Ruszył naprzód, wsunął detonika za pasek spodni i za­stąpił w lewej ręce chromowanym stingiem. Gdy dotarł do Rubensteina, przeciął obustronnym ostrzem noża więzy na lewym nadgarstku, potem na prawym, i wręczył mu “czter­dziestkę piątkę”.

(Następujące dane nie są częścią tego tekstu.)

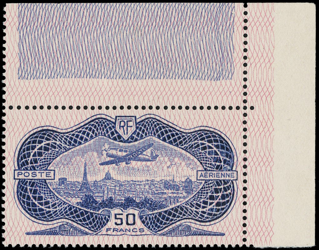 1936 - France: Air Mail 'Burele'' 50F ultramarine, upper right corner margin, MNH, hnged only at upper edge (Yvert PA15 – Euro 1,500)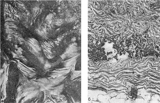 аорты, чаще непосредственно над клапанами. На интиме аорты появляются белесоватые бугристости с рубцовыми втяжениями, придающими аорте вид шагреневой кожи (рис. 279). Если присоединяется атеросклероз, то картина специфических изменений затушевывается. В типичных случаях изменения резко обрываются в дуге или в нисходящей части аорты. Брюшная аорта поражается очень редко.

Paul, ciągle na kolanach, spojrzał w górę krzycząc:
- To tylko dzieci, John!
Rourke zagryzł dolną wargę i powiedział:
- Na Boga! Wiem, do cholery!
Trzech dobrze uzbrojonych młodzieńców poderwało się w stronę doktora. Uniósł więc CAR-15 i otworzył ogień, ścinając ich na ziemię. Zerknął na Rubensteina. Właśnie kończył z wyglądającym na osiłka osiemnastolatkiem przy swoim motorze. Natalie przeładowywała pythona i ponow­nie uniosła go do strzłu, lewą ręką odgarniając włosy z twa­rzy. I wtedy, na chwilę, John znalazł się z dala od walki na śmierć i życie z gangiem żądnych krwi dzieciaków, umiera­jących od zabójczej dawki promieni radioaktywnych. Był z powrotem w Ameryce Łacińskiej. Broń, którą trzymała Natalie, nie była pythonem, lecz SMG. Włosy były blond, ale gesty, postawa, spojrzenie oczu - chociaż nie były błę­kitne w tamtych dniach - były dokładnie te same.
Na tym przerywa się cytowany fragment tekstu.